** GIVEN MATERIAL **
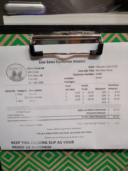 The total is already discounted with any sales you received, and you invoice is ready for check out. All you need to do is add it to your cart, along with any other items you would like to purchase and we will get your treasures on the way!
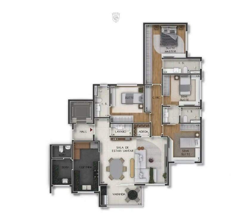 Sala ampla para 02 ambientes, lavabo, 04 quartos confortáveis sendo 02 suítes e 02 semi suítes, cozinha espaçosa e planejada com bancada em granito, adega e área de lavanderia.
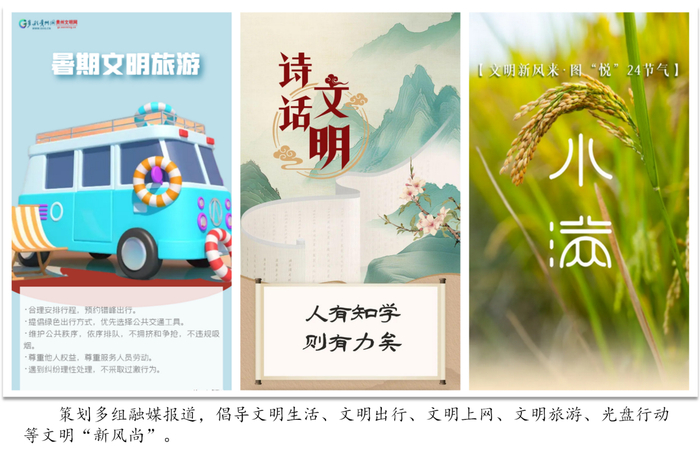 策划推出《贵州省文明行为促进条例公益动画》《文明养成从我做起》等MG动画,倡导文明生活、文明出行、文明上网、文明旅游、光盘行动等;策划“文明新风来·图‘悦’24节气”,以手绘动态海报描绘节气特点,融入精神文明建设、文化传承、生态保护等方面的积极探索与生动实践;推出“诗话文明”品牌栏目,以古文与古诗词为媒介,解读蕴含的中华传统美德内涵,从古籍里看文明之道,悟文明之理,感受中华传统文化的魅力与力量;在省精神文明办指导下,办好“贵州文明网”“文明贵州”官微。

** WHAT THE EXERCISE ASKS **
All the lines above should be reproduced exactly, and none of the pictures.

** PROBLEM SOLUTION **
 The total is already discounted with any sales you received, and you invoice is ready for check out. All you need to do is add it to your cart, along with any other items you would like to purchase and we will get your treasures on the way!
 Sala ampla para 02 ambientes, lavabo, 04 quartos confortáveis sendo 02 suítes e 02 semi suítes, cozinha espaçosa e planejada com bancada em granito, adega e área de lavanderia.
 策划推出《贵州省文明行为促进条例公益动画》《文明养成从我做起》等MG动画,倡导文明生活、文明出行、文明上网、文明旅游、光盘行动等;策划“文明新风来·图‘悦’24节气”,以手绘动态海报描绘节气特点,融入精神文明建设、文化传承、生态保护等方面的积极探索与生动实践;推出“诗话文明”品牌栏目,以古文与古诗词为媒介,解读蕴含的中华传统美德内涵,从古籍里看文明之道,悟文明之理,感受中华传统文化的魅力与力量;在省精神文明办指导下,办好“贵州文明网”“文明贵州”官微。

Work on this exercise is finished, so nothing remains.